Your assignment
With pictures removed, print the listing exactly.

Dataset extract
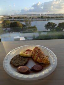 There was one restaurant and it took us over an hour and a half to get our steak salads too long of a weight not letting us know what was going on with the order. Then when we checked in, nobody explained to us that it was a energy efficient room and that you needed to leave the key in the slot so the keys would work so we walked downstairs to talk to the guy who checked this in and he made us feel very stupid and inadequate since we should’ve had known that it was any efficient room, but that was never told to us so we were considered ignorance for not knowing
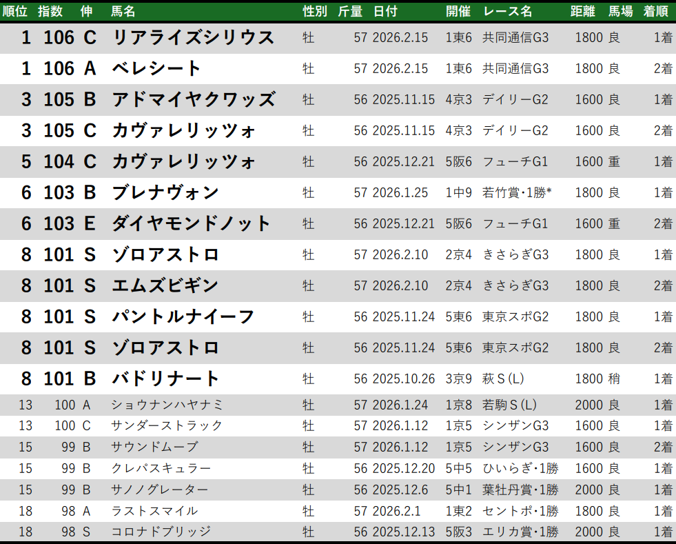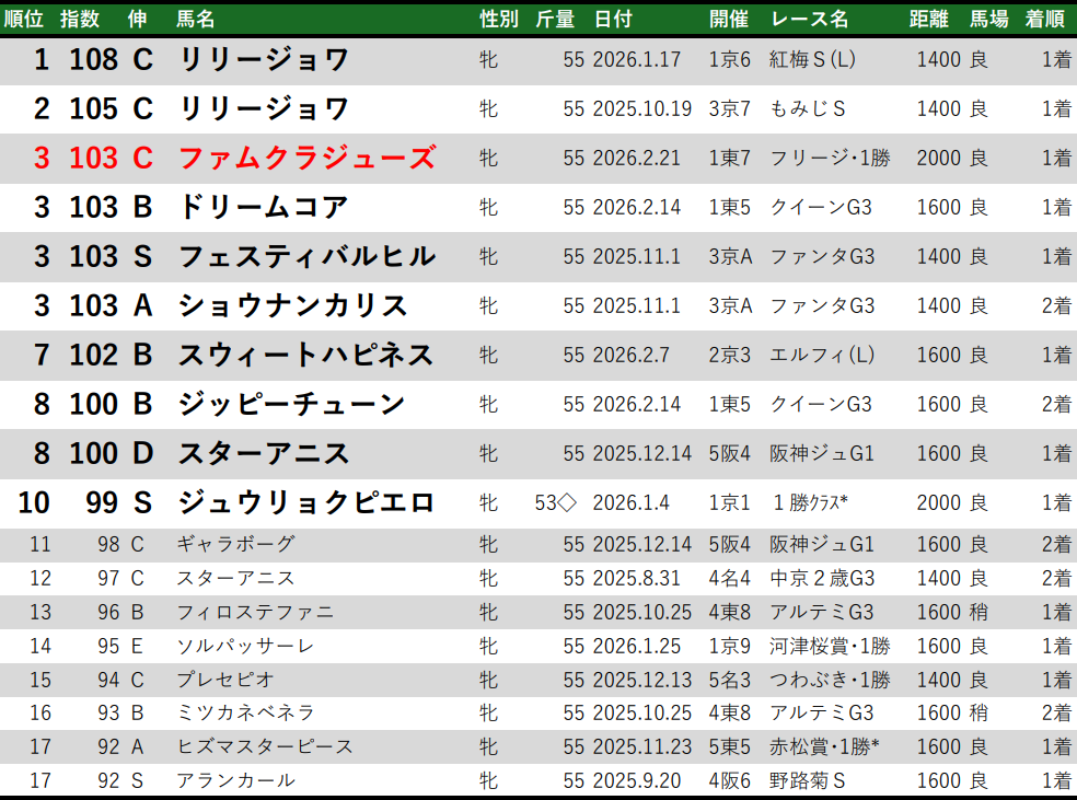 【LB指数ランキング】25-26クラシック編 2026/02/22版 フリージア賞ファムクラジューズがランクイン
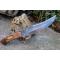 Couteau Bowie De Chasse Manche 3 Bois Lame Clip Point Acier Damas 256 Couches Etui Cuir F Artisanale
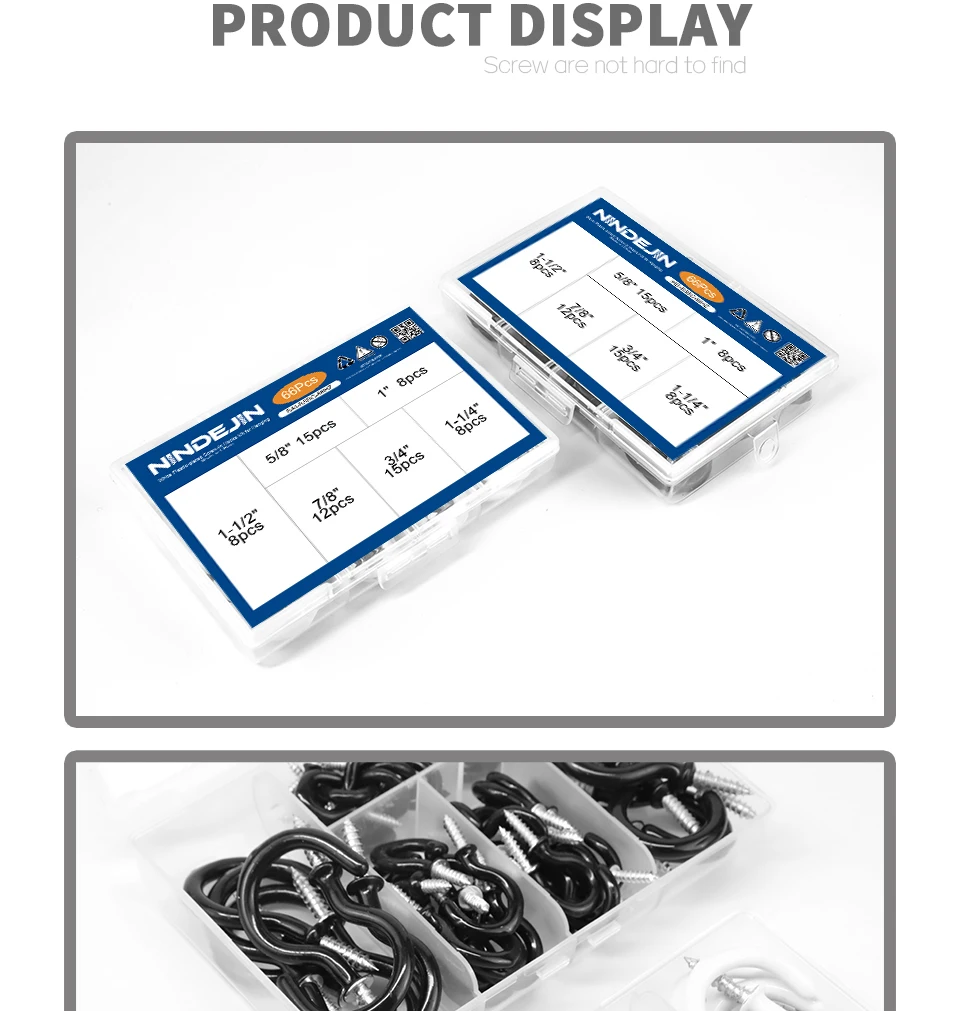 NINDEJIN 66pcs Screw hooks 3/4″-1-1/2″ Black White Heavy Duty Screw in Hook Hanger Wood Wall Ceiling Hooks for Kitchen Shelf

Answer for this exercise
 There was one restaurant and it took us over an hour and a half to get our steak salads too long of a weight not letting us know what was going on with the order. Then when we checked in, nobody explained to us that it was a energy efficient room and that you needed to leave the key in the slot so the keys would work so we walked downstairs to talk to the guy who checked this in and he made us feel very stupid and inadequate since we should’ve had known that it was any efficient room, but that was never told to us so we were considered ignorance for not knowing
 【LB指数ランキング】25-26クラシック編 2026/02/22版 フリージア賞ファムクラジューズがランクイン
 Couteau Bowie De Chasse Manche 3 Bois Lame Clip Point Acier Damas 256 Couches Etui Cuir F Artisanale
 NINDEJIN 66pcs Screw hooks 3/4″-1-1/2″ Black White Heavy Duty Screw in Hook Hanger Wood Wall Ceiling Hooks for Kitchen Shelf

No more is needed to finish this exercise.